# How to tell if a central element in a molecule needs to form hybridized orbitals?

Feb 18, 2016

Simply put, if a central atom has to bond to more than one outer atom, especially if more than one outer atom is different, it has to hybridize.

Diatomic molecules will always point compatible $\sigma$ bonding orbital lobes along the internuclear axis, and be able to pair compatible orbitals, so there is no hybridization in molecules like $\text{HCl}$, ${\text{NO}}^{+}$, ${\text{Cl}}_{2}$, etc.

An easy way to tell when an atom has to hybridize is to count the number of surrounding atoms. I've listed examples below. Essentially:

• Octahedral electron geometry? $s {p}^{3} {d}^{2}$
• Trigonal bipyramidal electron geometry? $s {p}^{3} d$
• Tetrahedral electron geometry? $s {p}^{3}$
• Trigonal planar electron geometry? $s {p}^{2}$
• Linear polyatomic electron geometry? $s p$

HYBRIDIZATION IN WATER

Oxygen in $\text{H"_2"O}$ has to contribute four $s {p}^{3}$-hybridized atomic orbitals to bond because:

1. It is bonding to more than one hydrogen. That tells you that hybridization can occur.
2. It is bonding in a non-horizontal direction to at least one hydrogen. That tells you that hybridization should occur to orient all the orbitals correctly.
3. It is bonding identically to each hydrogen. That tells you that hybridization has occurred to make the orbitals compatible.

It is $s {p}^{3}$ because four electron groups are surrounding oxygen: two bonding to one hydrogen each, and two lone pairs not bonding at all.

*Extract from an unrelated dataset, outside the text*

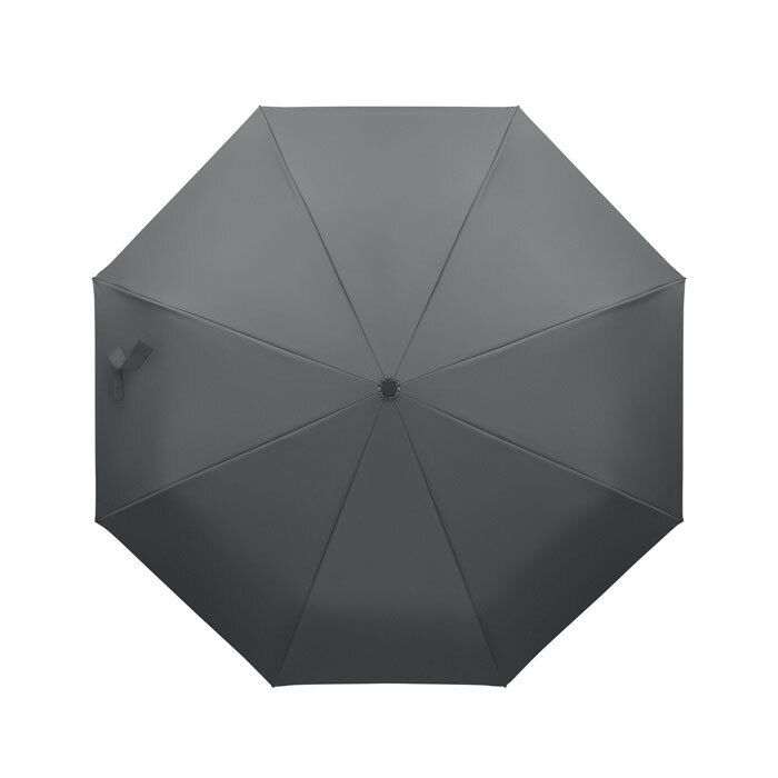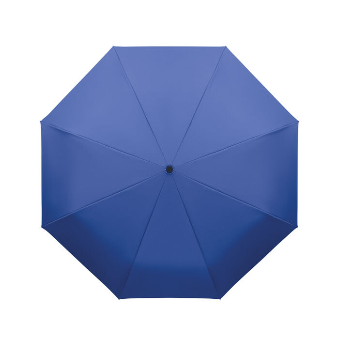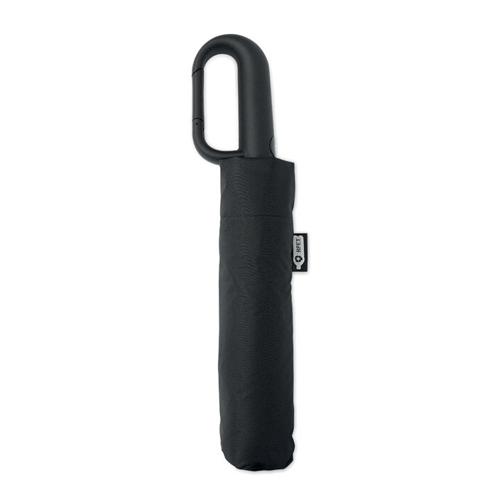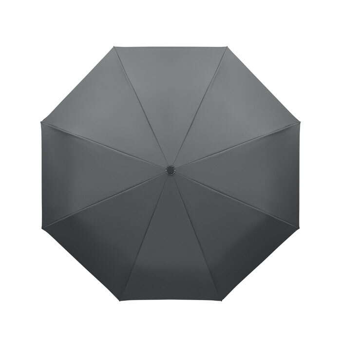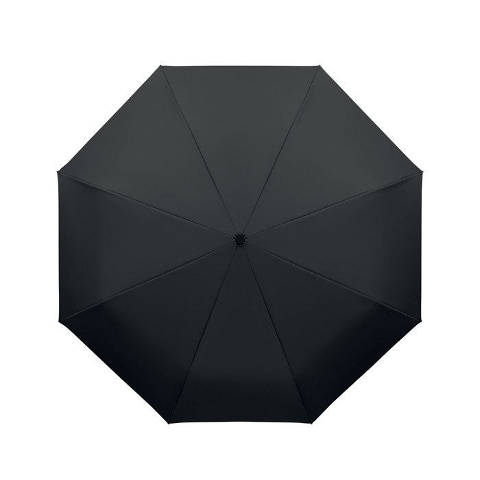 Ombrello pieghevole antivento da 21'' con struttura in fibra di vetro a 2 sezioni con placcatura nera. Costole in fibra di vetro. pannelli in pongee 190T RPET. Manico a D con moschettone e finitura in gomma. Apertura e chiusura automatica. Include custodia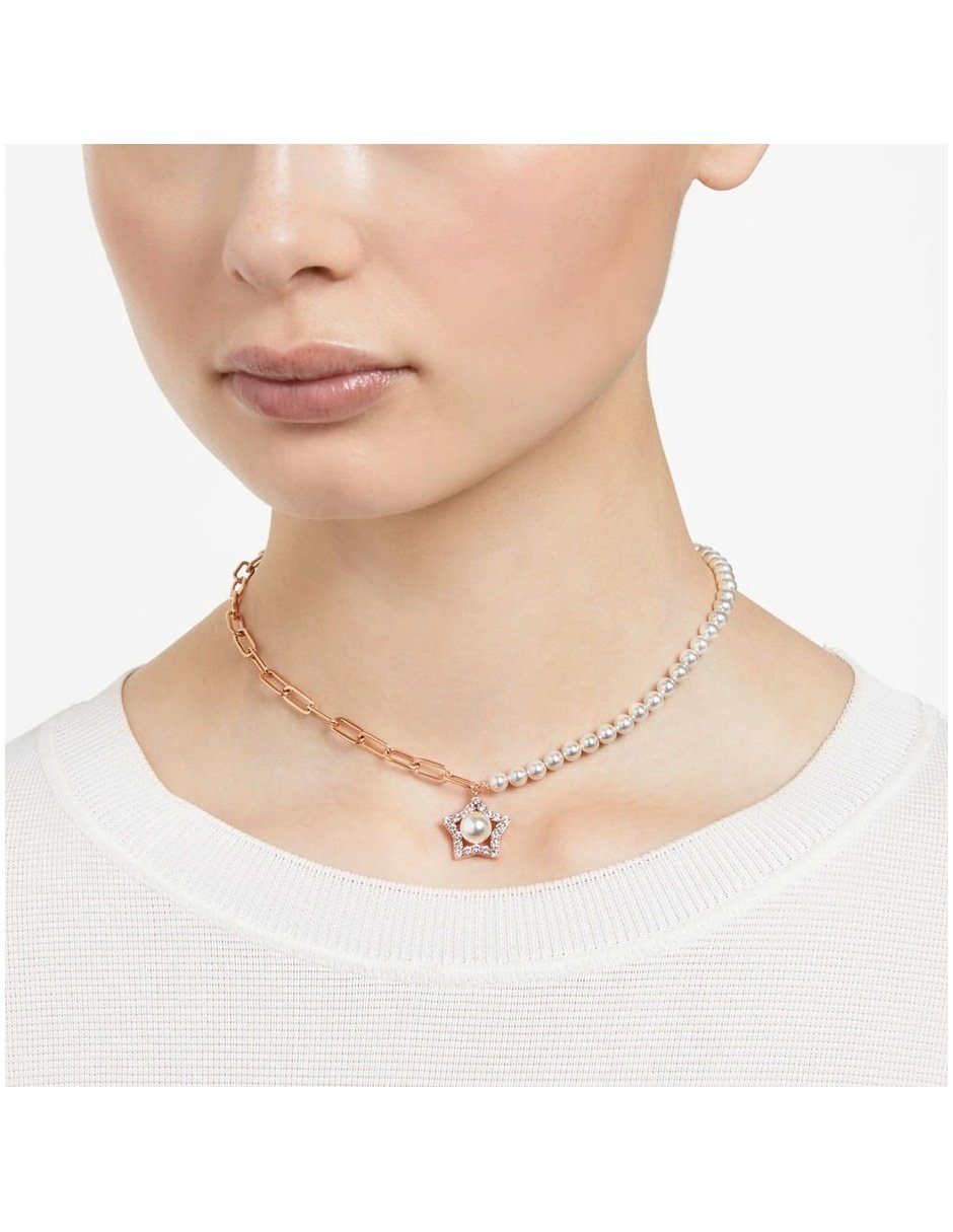 Consigue un estilo maravilloso con este delicado colgante de la familia Stella. Con una elegante combinación de perlas de cristal y brillantes piedras acabadas con un baño en tono oro rosa, este diseño asimétrico atraerá todas las miradas. Llévalo solo y prepárate para brillar.

Oxygen had to hybridize one $2 s$ and three $2 p$ orbitals together to generate four diagonal-oriented orbitals in three dimensions ($x , y , z$). Two of them could be used, but are not being used.

HYBRIDIZATION IN BH3

Boron in ${\text{BH}}_{3}$ has to contribute three $s {p}^{2}$-hybridized atomic orbitals to bond because:

1. It is bonding to more than one hydrogen. That tells you that hybridization can occur.
2. It is bonding in a non-horizontal direction to at least one hydrogen. That tells you that hybridization should occur to orient all the orbitals correctly.
3. It is bonding identically to each hydrogen. That tells you that hybridization has occurred to make the orbitals compatible.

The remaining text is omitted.